The color you see now is the color they are going to be. If you don't see it by now then no the fins won't be albino. Fry start out with the white on the tip of their fins. As they get older the white disappears.

When I allowed 2 super reds to breed the fry were all the same color as their parents from the time they were born. As I said though. Elbert and a super red female produced fry that look just like what you are seeing right now. I kept one of the fry. She is now at least 2 years old and looks nothing like her parents. The only change is the loss of the white on the tip of her fins.
 
Unknown9182
  • Thread Starter
  • #6
The color you see now is the color they are going to be. If you don't see it by now then no the fins won't be albino. Fry start out with the white on the tip of their fins. As they get older the white disappears.

When I allowed 2 super reds to breed the fry were all the same color as their parents from the time they were born. As I said though. Elbert and a super red female produced fry that look just like what you are seeing right now. I kept one of the fry. She is now at least 2 years old and looks nothing like her parents. The only change is the loss of the white on the tip of her fins.
Ok, I don’t see any white on their fins. I’m assuming if the parents are two different color combos than the baby’s are going to be black with white spots but if they are both lemon or albino they will become the same color as their parents.
 
Mcasella
  • #7
Ok, I don’t see any white on their fins. I’m assuming if the parents are two different color combos than the baby’s are going to be black with white spots but if they are both lemon or albino they will become the same color as their parents.
Recessive genes both, both require a gene from both parents to become that color. An albino bred to anything that does not have an albino gene (or is albino - this being your commonly produce albinos which seem to be the same strain of albino) will produce brown colored fry (unless the albino is carrying a gene for blue eyed or super red or green dragon - but that is a whole other thread on genetics that gets extremely complicated).

Fry gain their color (on in the case of albino already have their color) within the time they are absorbing their yolk sack.
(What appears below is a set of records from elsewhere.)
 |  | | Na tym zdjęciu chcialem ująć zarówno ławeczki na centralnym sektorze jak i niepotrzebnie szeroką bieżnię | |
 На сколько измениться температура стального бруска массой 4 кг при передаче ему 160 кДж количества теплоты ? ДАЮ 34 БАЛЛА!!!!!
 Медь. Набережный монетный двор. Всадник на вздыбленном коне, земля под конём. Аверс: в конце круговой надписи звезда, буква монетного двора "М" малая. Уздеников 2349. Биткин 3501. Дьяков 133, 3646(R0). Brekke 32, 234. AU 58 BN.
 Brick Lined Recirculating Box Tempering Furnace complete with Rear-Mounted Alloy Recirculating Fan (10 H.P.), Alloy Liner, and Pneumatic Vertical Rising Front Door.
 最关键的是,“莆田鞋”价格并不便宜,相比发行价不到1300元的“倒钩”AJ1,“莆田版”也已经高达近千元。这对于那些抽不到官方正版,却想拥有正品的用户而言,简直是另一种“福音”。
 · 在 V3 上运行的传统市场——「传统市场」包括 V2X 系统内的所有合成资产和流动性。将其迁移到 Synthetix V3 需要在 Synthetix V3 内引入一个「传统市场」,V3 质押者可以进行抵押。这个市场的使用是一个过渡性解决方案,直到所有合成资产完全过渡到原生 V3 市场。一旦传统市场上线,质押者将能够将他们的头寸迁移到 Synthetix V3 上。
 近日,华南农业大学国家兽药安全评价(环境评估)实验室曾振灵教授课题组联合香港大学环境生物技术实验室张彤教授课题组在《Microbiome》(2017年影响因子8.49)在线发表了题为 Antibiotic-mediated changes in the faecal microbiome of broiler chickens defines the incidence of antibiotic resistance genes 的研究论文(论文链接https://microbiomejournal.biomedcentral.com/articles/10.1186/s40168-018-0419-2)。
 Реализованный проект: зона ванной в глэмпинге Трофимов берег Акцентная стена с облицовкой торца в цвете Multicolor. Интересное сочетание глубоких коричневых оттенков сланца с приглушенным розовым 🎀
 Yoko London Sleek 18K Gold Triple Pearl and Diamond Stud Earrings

By the time they have absorbed their yolk sack they are the color they will appear as an adult.

I have a brown bristlenose that is from an albino and red marble/calico parents, she is completely brown with no features to indicate she has different genes. To her offspring she would offer one albino or one calico gene - if she isn't paired with a fish that is albino or calico (or hidden recessive genes like her) her offspring would be brown but would either carry albino or calico. Unless a chimera egg happened (as I've seen a female bristlenose that was both albino and blue eyed with a different colored eye on each side and produced albino and blue eyed offspring with those respective colors).